日銀は12月1日、急激な円高や株安など、デフレ下の景気停滞予想を受けて、10兆円規模の資金を供給する追加的な金融緩和を決めた。国債、社債、コマーシャルペーパー(CP)などの資産を担保に、期間3カ月にかぎって資金を年0.1パーセントの固定金利で金融機関に提供するというものだ。白川方明(まさあき)日銀総裁は、今回の施策について、潤沢に資金を供給して金融市場を安定化させる「広い意味での量的緩和政策」であるとし、政府と協調してデフレ脱却を目指す姿勢を示した。
だが、今回の緩和策は、資金供給量は拡大するが、量を明確にしておらず、過去の量的緩和とは趣きが異なる。そもそも量的緩和政策とは、日銀が銀行など民間金融機関から国債や手形を買い入れ、その代金を銀行が日銀に保有する当座預金に振り込むことで資金を供給し、当座預金の残高に目標値を定めて金融を調節しようとする政策である。日銀にある銀行の当座預金は預金金利がゼロだから、いくら預けても銀行には金利収入が入らない。そのため、余剰資金が企業への貸し出しや株式、債券市場への投資に向かうことが期待できるというわけである。
日銀は2001年3月に、量的緩和政策を導入した。日銀がゼロ金利政策を導入したのは、1999年2月のことだ。その後、00年8月にIT産業が活況を呈し、デフレ懸念が消えたとしてこれを解除したが、その後、日本経済は深刻なデフレ状態に陥った。この危機を回避するために、日銀はゼロ金利政策に戻すことを検討したが、金利をゼロまで下げても景気が上向かなかったことから、世界的に異例とされる量的緩和政策に踏み切ったのである。当初の当座預金残高の目標値は5兆円だったが、04年1月以降は30〜35兆円程度に設定された。
この政策は、民間企業への貸し出し増加には結びつかなかったものの、金融システム不安を抑えて、景気が立ち直るきっかけをつくったとされている。銀行の当座預金には潤沢な資金があり、いつでも引き出すことができたので、資金繰りがつかずに銀行が経営破綻するといった金融不安は起きなかった。また、量的緩和によって、しばらくは金利が上がらないという見通しが強まり、短期金利だけでなく、中長期の金利も低く抑えられた。この結果、借金を抱えた企業の金利負担が軽くなり、その後の企業業績の回復につながった。
だが、こうした金融緩和政策から早急に脱し、金利の上げ下げによって経済をコントロールできる状態に戻したいというのが日銀の本音である。なぜなら、今後インフレ懸念が台頭したときに対処できないのではないか、という不安があるからだ。その背景には、80年代末、利上げが遅れた結果、バブルを招いてしまったというトラウマがある。じっさい、市場関係者の間でまだデフレが懸念されていた06年3月、日銀は、量的緩和を解除している。

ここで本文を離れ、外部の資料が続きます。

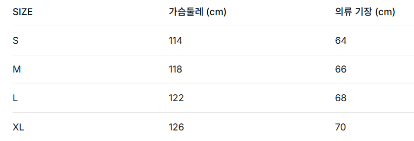 위의 사이즈 가이드는 참고용이며, 측정 방법에 따라 오차가 있을 수 있습니다.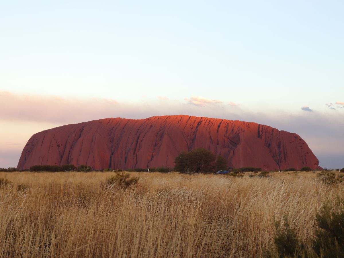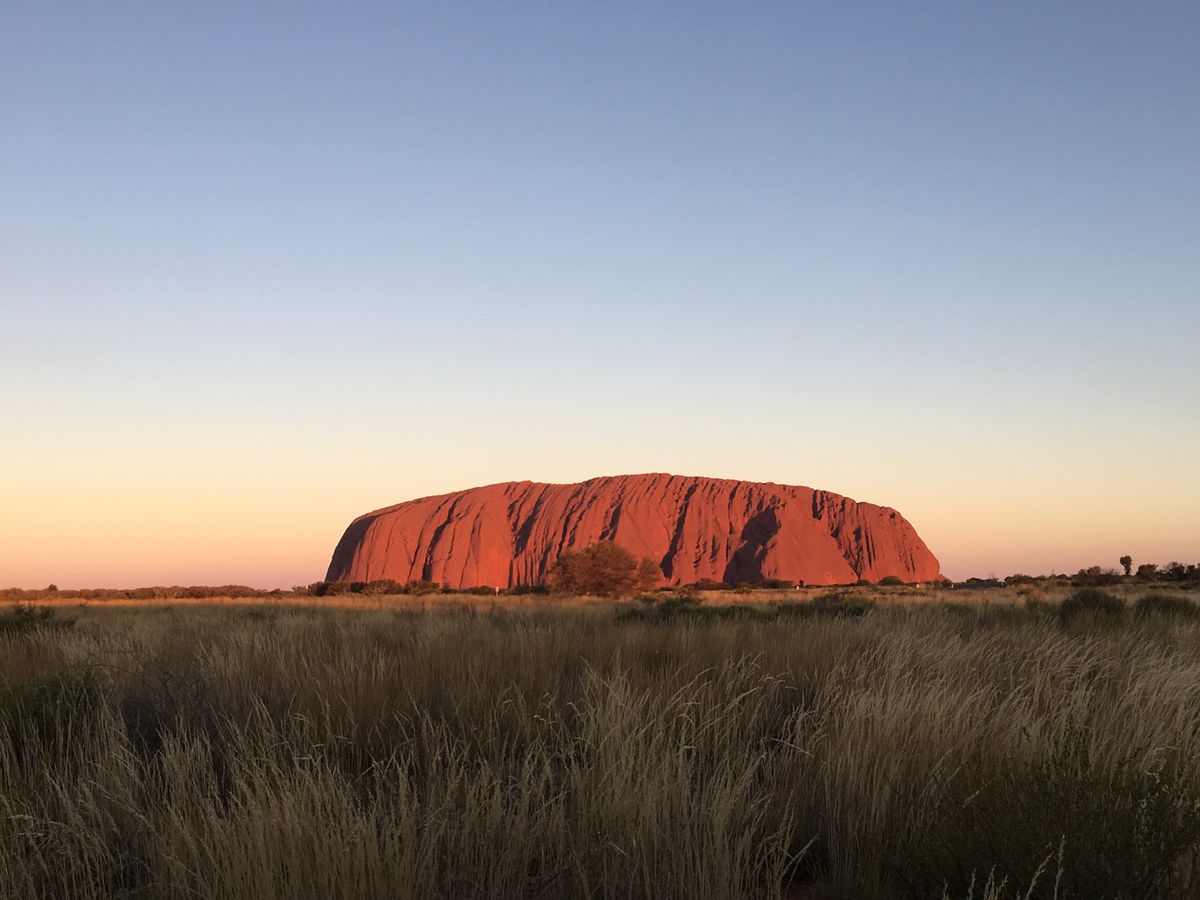残念なことに、サンセット間際に太陽に雲がかかってしまいましたが、途中まで濃いオレンジに照らされたウルルを見られたので満足です。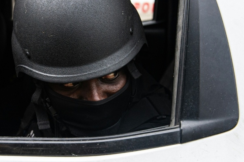 Polizist bei Patrouille in Vorort von Port-au-Prince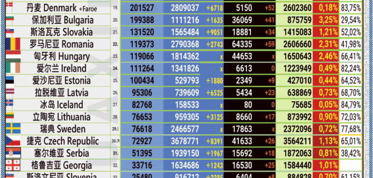 12.03.2022: COVID-19 新型冠状欧洲疫情表。
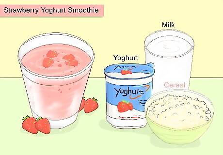 Create a strawberry yogurt smoothie. Strawberry smoothies are a fun and easy way to get babies older than six months to eat probiotics. Not only will your baby get the benefit of probiotics, but they'll enjoy it and you'll lay the foundation for healthy food habits in the future. To make a strawberry smoothie with probiotics: Pour ½ cup of milk, ½ cup of frozen berries of your choice, and ½ cup of yogurt into a blender. Blend for 2 to 3 minutes. Make sure the mixture does not become too watery. Place the smoothie into an age appropriate cup and sprinkle some cheerios or similar cereal on top.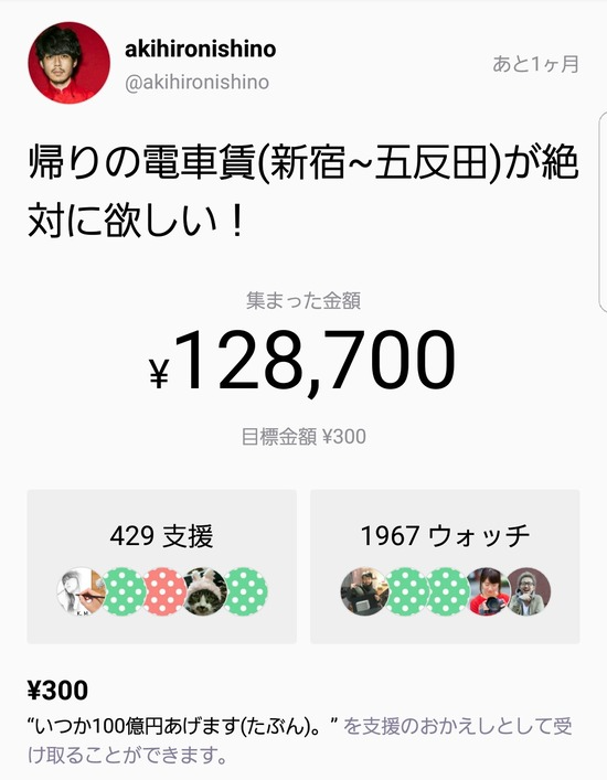 【画像】キンコン西野さん、電車賃300円をクラウドファンディングで募り128700円ゲットしてしまうwww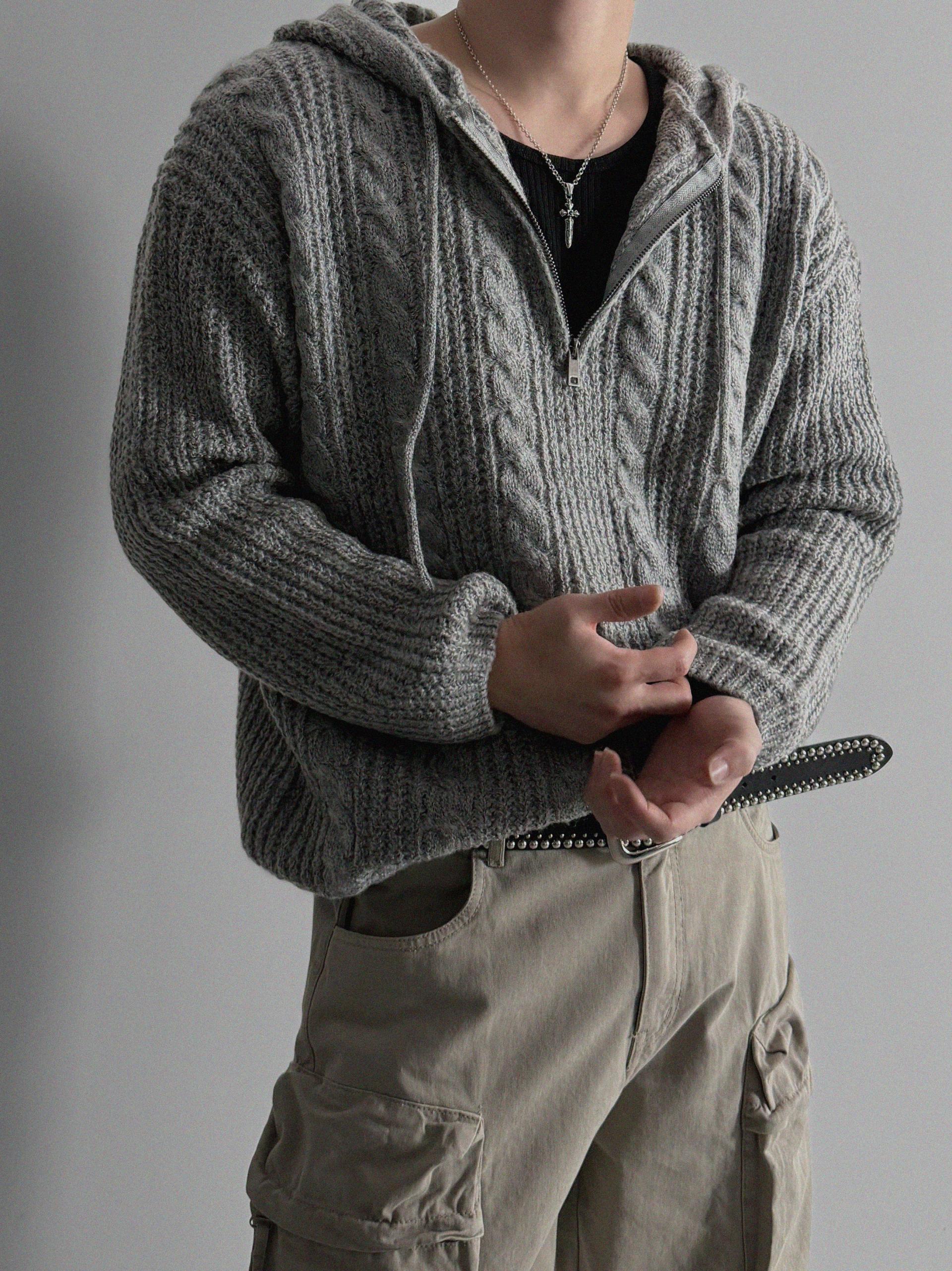 -케이블 패턴과 고밀도 니트 짜임 텍스처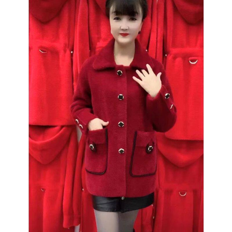 秋冬网红爆款 秋冬女外套中老年高端大衣潮 水貂绒2023年洋气妈妈装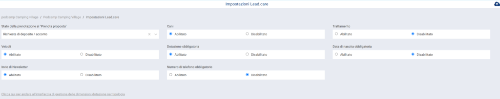 – IMPOSTAZIONI LEAD CARE: qui si inserisce lo stato in cui vogliamo venga creata la prenotazione dopo la scelta del cliente tra le varie proposte presentategli: stato opzione o richiesta di deposito/acconto. Noi suggeriamo la seconda ipotesi, perché in questo modo avete già l’impostazione per potere inviare il modello di richiesta di pagamento dell’acconto o del deposito.

菅直人副総理兼国家戦略担当相は12月1日、「財政政策と金融政策の2つの柱で対応しなければならない」と述べた。これから二番底が懸念されるなか、景気対策のために第2次補正予算で財政の出番が続くが、日銀は必要であればさらなる金融政策をもって政府と連携しながらデフレ退治に向かう必要があろう。